[Stored records]
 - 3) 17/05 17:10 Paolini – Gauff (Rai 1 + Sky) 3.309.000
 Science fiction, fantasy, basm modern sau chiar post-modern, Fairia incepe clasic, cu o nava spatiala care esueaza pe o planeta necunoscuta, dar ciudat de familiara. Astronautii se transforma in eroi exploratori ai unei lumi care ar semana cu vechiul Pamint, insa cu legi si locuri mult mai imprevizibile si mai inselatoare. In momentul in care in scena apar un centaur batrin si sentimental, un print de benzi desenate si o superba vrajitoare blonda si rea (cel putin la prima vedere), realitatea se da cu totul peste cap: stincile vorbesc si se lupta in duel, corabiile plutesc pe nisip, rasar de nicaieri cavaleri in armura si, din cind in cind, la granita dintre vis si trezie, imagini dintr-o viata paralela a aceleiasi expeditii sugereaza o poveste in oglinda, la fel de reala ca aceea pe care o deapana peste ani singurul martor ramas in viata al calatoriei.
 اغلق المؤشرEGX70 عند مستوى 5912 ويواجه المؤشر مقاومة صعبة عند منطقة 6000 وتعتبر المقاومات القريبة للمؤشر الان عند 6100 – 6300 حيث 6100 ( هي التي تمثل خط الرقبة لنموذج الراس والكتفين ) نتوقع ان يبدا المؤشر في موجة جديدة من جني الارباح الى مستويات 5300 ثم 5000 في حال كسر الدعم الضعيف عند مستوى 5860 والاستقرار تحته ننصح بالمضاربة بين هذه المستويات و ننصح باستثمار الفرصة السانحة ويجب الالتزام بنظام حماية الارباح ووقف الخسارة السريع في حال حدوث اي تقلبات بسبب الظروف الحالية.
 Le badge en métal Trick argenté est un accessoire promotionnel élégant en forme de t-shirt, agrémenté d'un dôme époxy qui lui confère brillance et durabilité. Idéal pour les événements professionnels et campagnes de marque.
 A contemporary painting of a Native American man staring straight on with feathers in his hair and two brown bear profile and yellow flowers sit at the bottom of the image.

Problem: Retype only the stretch of lines above starting at the one with "Science fiction, fantasy, basm" and stopping at the one with "Le badge en", exactly as written, with both kept.

Your solution:
 Science fiction, fantasy, basm modern sau chiar post-modern, Fairia incepe clasic, cu o nava spatiala care esueaza pe o planeta necunoscuta, dar ciudat de familiara. Astronautii se transforma in eroi exploratori ai unei lumi care ar semana cu vechiul Pamint, insa cu legi si locuri mult mai imprevizibile si mai inselatoare. In momentul in care in scena apar un centaur batrin si sentimental, un print de benzi desenate si o superba vrajitoare blonda si rea (cel putin la prima vedere), realitatea se da cu totul peste cap: stincile vorbesc si se lupta in duel, corabiile plutesc pe nisip, rasar de nicaieri cavaleri in armura si, din cind in cind, la granita dintre vis si trezie, imagini dintr-o viata paralela a aceleiasi expeditii sugereaza o poveste in oglinda, la fel de reala ca aceea pe care o deapana peste ani singurul martor ramas in viata al calatoriei.
 اغلق المؤشرEGX70 عند مستوى 5912 ويواجه المؤشر مقاومة صعبة عند منطقة 6000 وتعتبر المقاومات القريبة للمؤشر الان عند 6100 – 6300 حيث 6100 ( هي التي تمثل خط الرقبة لنموذج الراس والكتفين ) نتوقع ان يبدا المؤشر في موجة جديدة من جني الارباح الى مستويات 5300 ثم 5000 في حال كسر الدعم الضعيف عند مستوى 5860 والاستقرار تحته ننصح بالمضاربة بين هذه المستويات و ننصح باستثمار الفرصة السانحة ويجب الالتزام بنظام حماية الارباح ووقف الخسارة السريع في حال حدوث اي تقلبات بسبب الظروف الحالية.
 Le badge en métal Trick argenté est un accessoire promotionnel élégant en forme de t-shirt, agrémenté d'un dôme époxy qui lui confère brillance et durabilité. Idéal pour les événements professionnels et campagnes de marque.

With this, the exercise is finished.